From DarwinCatholic, some thoughts on Earth's "hopeful monsters": us.
We should see each person, not as another problem, but as another solution to the problems which face humanity.

5. 

This whole blog renewal thing had me catching up with some of the backlog on my feedreader, including this next piece that Erin from Bearing Blog wrote last month, pointing to St Francis de Sales as a guide to true self-care.
I love St. Francis de Sales's tender regard for the human self, not a kind of disappearance of the self in favor of the divine, but recognizing the value of the human person as a creature that can be taken up to participate in the divine.   

6. 

My friend Deirdre wrote on grief and grieving:
Burying the dead is a corporal work of mercy. Praying for the dead is a spiritual work of mercy.  Life is pain, and anyone who tells you anything different is trying to sell you something. (Hey, it’s  canonical work of scripture now, right?)   Instead, we live in a world that has rejected the rituals of mourning from ages past. The Victorian rules may have been elaborate, but they had a point. 


7. 

The last panel in this Wondermark strip sums up my productivity problems fairly well. 

 http://wondermark.com/1463-on-the-information-frontage-road/

Happy blogging!

Kate


1 comment:

Melanie Bettinelli said...

I love the story of the angry hipster.
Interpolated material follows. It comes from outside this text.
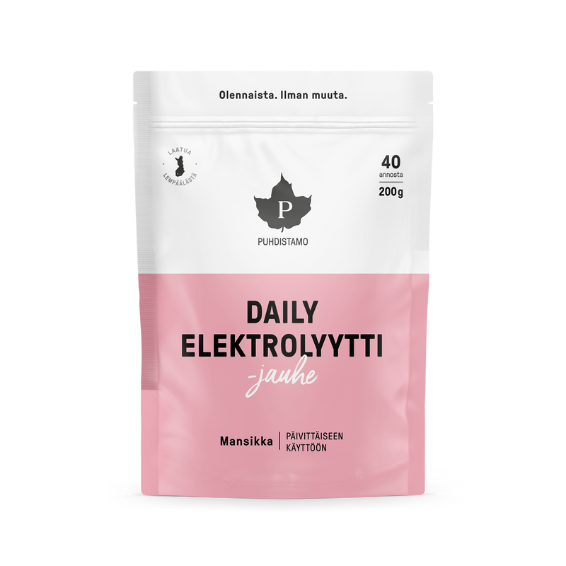 Puhdistamon Daily Elektrolyyttijauhe on raikas ja hyvänmakuinen janonsammuttaja, joka auttaa ylläpitämään kehon optimaalista nestetasapainoa. Se on suunniteltu päivittäiseen käyttöön ja sopii nautittavaksi esimerkiksi aamulla herättyäsi, työpäivän aikana ja liikunnan yhteydessä. Tuote sisältää natriumin lähteenä toimivan Guérande-merisuolan sekä muiden keskeisimpien elektrolyyttien lisäksi myös C-vitamiinia.

Talk about poetic justice. The Hipster Synchronization Effect fascinates me.

And it reminds me very much of a favorite Paul Durcan poem Six Nuns Die in Convent Inferno:

We resided in a Loreto convent in the centre of Dublin city
On the east side of a public gardens, St. Stephen's Green.
Grafton Street – the paseo
Where everybody paseo'd, including even ourselves –
Debouched on the north side, and at the top of Grafton Street,
Or round the base of the great patriotic pebble of O'Donovan Rossa,
Knelt tableaus of punk girls and punk boys.
When I used to pass them – scurrying as I went –
Often as not to catch a mass in Clarendon Street,
The Carmelite Church in Clarendon Street
(Myself, I never used the Clarendon Street entrance,
I always slipped in by way of Johnson's Court,
Opposite the side entrance to Bewley's Oriental Cafe),
I could not help but smile, as I sucked on a Fox's mint,
That for all the half-shaven heads and the martial garb
And the dyed hair-dos ad the nappy pins
They looked so conventional, really, and vulnerable,
Clinging to war paint and to uniforms and to one another.
I knew it was myself who was the ultimate drop-out,
The delinquent, the recidivist, the vagabond,
The wild woman, the subversive, the original punk.
Yet, although I confess I was smiling, I was also afraid,
Appalled by my own nerve, my own fervour,
My apocalyptic enthusiasm, my other-worldly hubris:
To opt out of the world and to
Choose such exotic loneliness,
Such terrestrial abandonment,
A lifetime of bicycle lamps and bicycle pumps,
A lifetime of galoshes stowed under the stairs,
A lifetime of umbrellas drying out in the kitchens.



I've always loved the observation about the punks who are so conventional but also vulnerable clinging to their war paint and uniforms. And her observation that the nuns in their habits are more genuinely non-conformist.